## [EXERCISE DETAILS]
Return all of the data exactly as written, without the pictures.

## [COLLECTED DATA]
▼

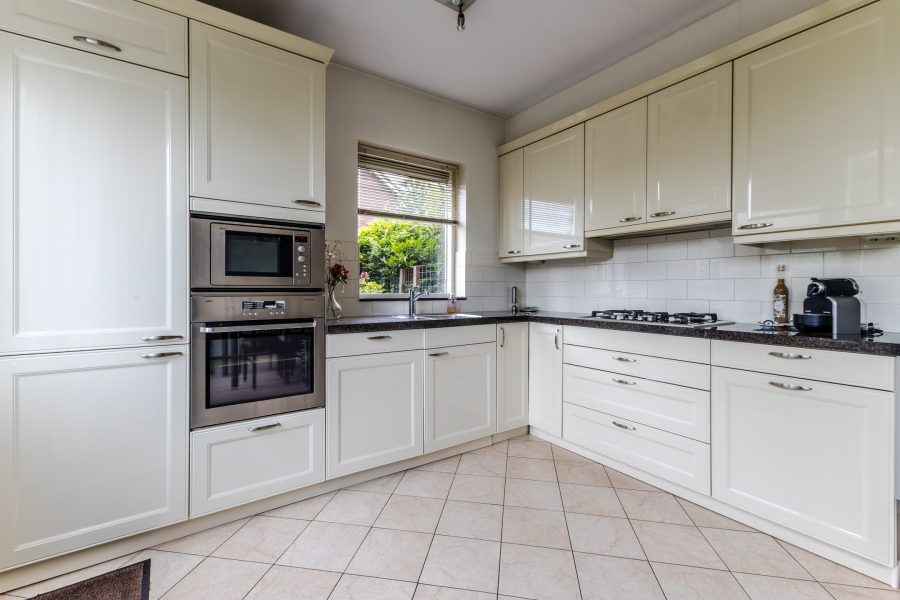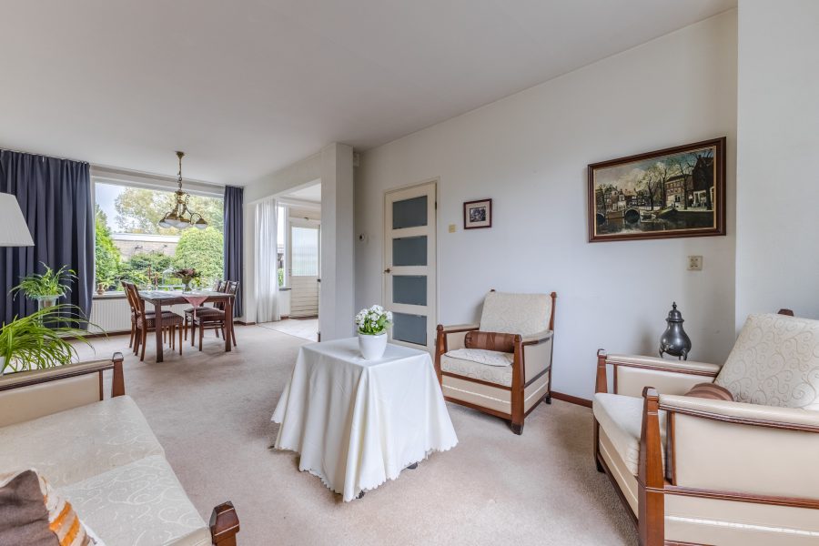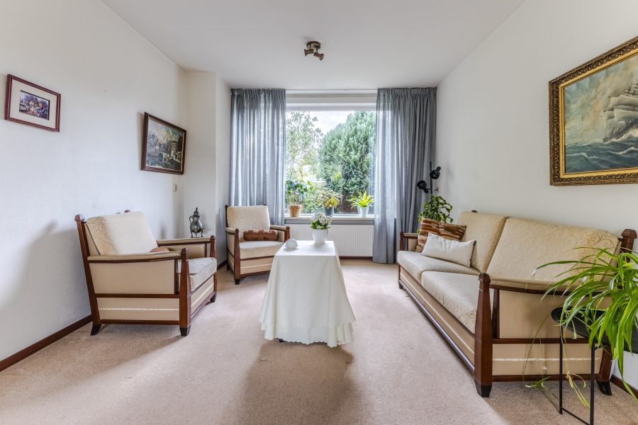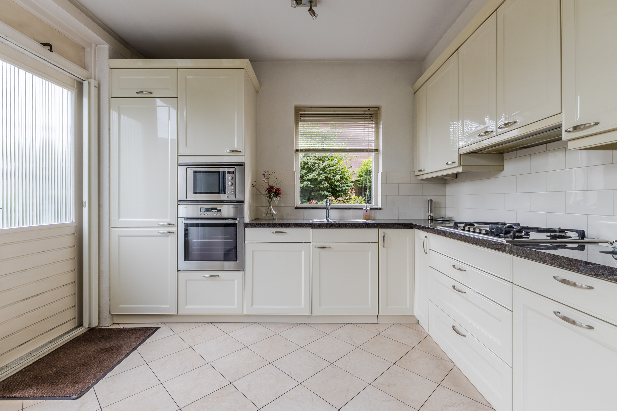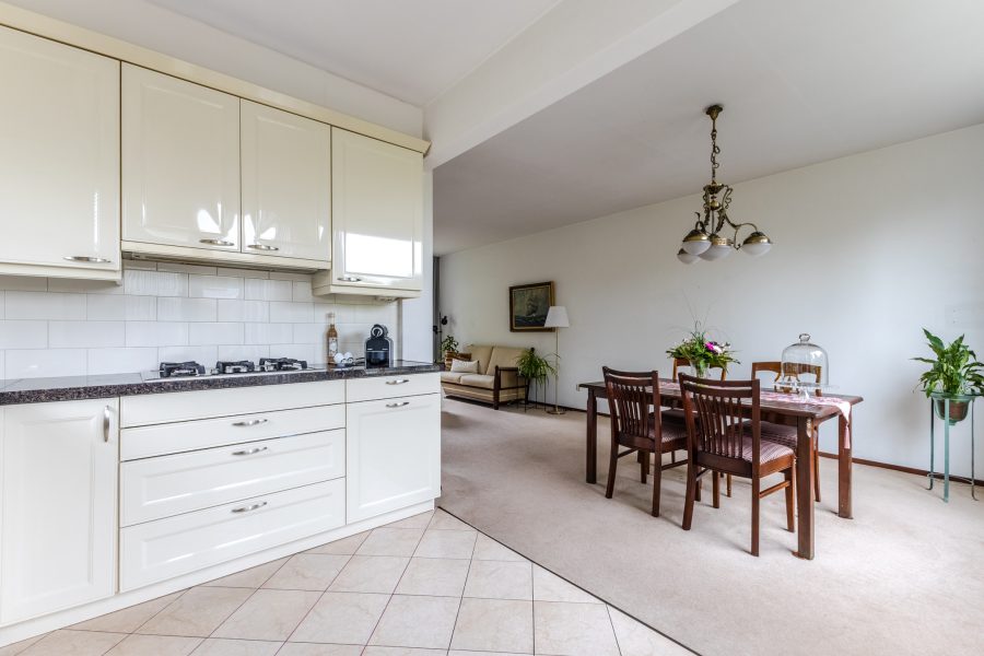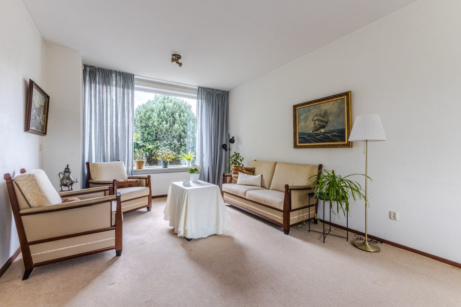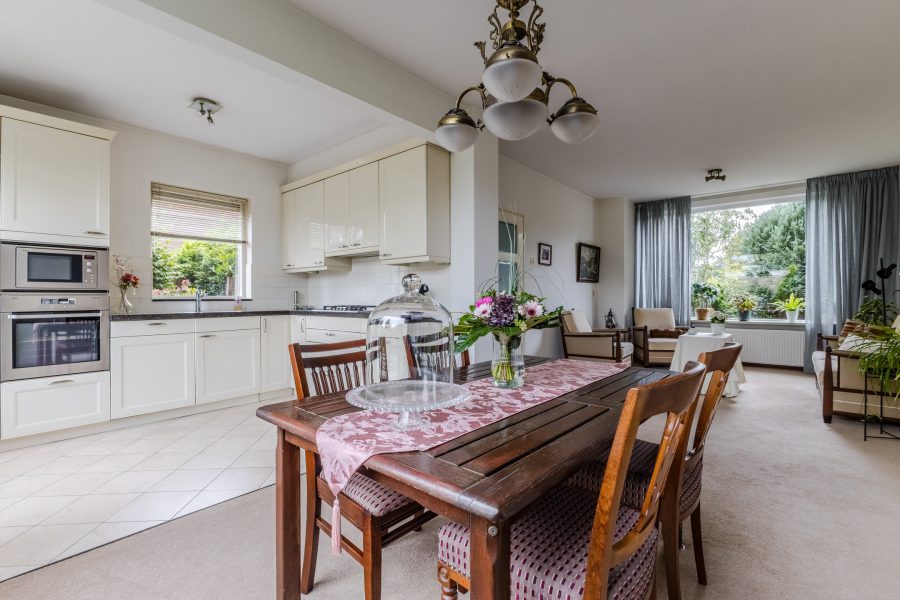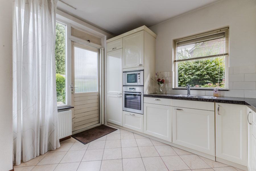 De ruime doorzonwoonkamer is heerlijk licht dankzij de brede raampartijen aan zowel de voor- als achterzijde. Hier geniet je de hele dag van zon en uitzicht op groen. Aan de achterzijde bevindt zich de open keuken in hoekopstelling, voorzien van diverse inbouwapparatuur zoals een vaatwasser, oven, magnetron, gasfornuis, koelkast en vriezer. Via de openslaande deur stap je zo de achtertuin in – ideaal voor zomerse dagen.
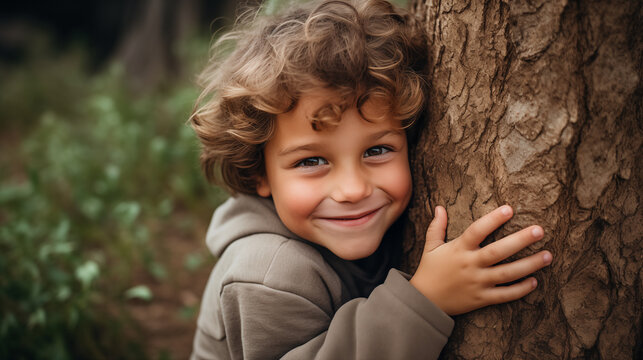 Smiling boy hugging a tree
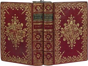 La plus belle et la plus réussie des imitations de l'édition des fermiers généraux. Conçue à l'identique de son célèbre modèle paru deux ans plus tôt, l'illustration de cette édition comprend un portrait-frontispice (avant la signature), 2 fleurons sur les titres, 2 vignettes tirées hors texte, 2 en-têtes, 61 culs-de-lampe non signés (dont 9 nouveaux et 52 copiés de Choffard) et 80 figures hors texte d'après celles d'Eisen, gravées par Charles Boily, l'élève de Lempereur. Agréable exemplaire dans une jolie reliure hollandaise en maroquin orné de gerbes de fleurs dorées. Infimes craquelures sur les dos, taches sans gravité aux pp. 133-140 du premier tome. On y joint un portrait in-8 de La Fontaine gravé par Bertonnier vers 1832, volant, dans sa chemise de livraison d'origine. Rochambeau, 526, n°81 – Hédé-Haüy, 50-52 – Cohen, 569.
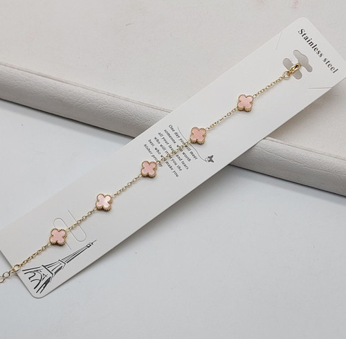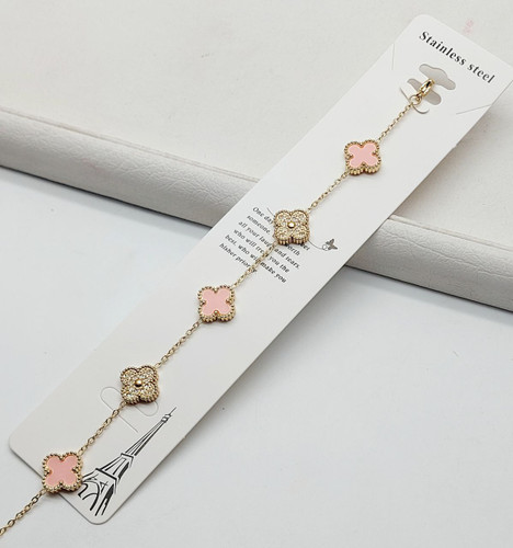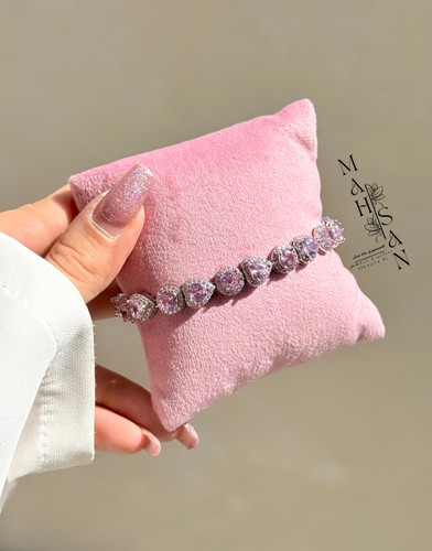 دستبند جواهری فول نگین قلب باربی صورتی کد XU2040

▲

## [WRITTEN RESPONSE]
 De ruime doorzonwoonkamer is heerlijk licht dankzij de brede raampartijen aan zowel de voor- als achterzijde. Hier geniet je de hele dag van zon en uitzicht op groen. Aan de achterzijde bevindt zich de open keuken in hoekopstelling, voorzien van diverse inbouwapparatuur zoals een vaatwasser, oven, magnetron, gasfornuis, koelkast en vriezer. Via de openslaande deur stap je zo de achtertuin in – ideaal voor zomerse dagen.
 Smiling boy hugging a tree
 La plus belle et la plus réussie des imitations de l'édition des fermiers généraux. Conçue à l'identique de son célèbre modèle paru deux ans plus tôt, l'illustration de cette édition comprend un portrait-frontispice (avant la signature), 2 fleurons sur les titres, 2 vignettes tirées hors texte, 2 en-têtes, 61 culs-de-lampe non signés (dont 9 nouveaux et 52 copiés de Choffard) et 80 figures hors texte d'après celles d'Eisen, gravées par Charles Boily, l'élève de Lempereur. Agréable exemplaire dans une jolie reliure hollandaise en maroquin orné de gerbes de fleurs dorées. Infimes craquelures sur les dos, taches sans gravité aux pp. 133-140 du premier tome. On y joint un portrait in-8 de La Fontaine gravé par Bertonnier vers 1832, volant, dans sa chemise de livraison d'origine. Rochambeau, 526, n°81 – Hédé-Haüy, 50-52 – Cohen, 569.
 دستبند جواهری فول نگین قلب باربی صورتی کد XU2040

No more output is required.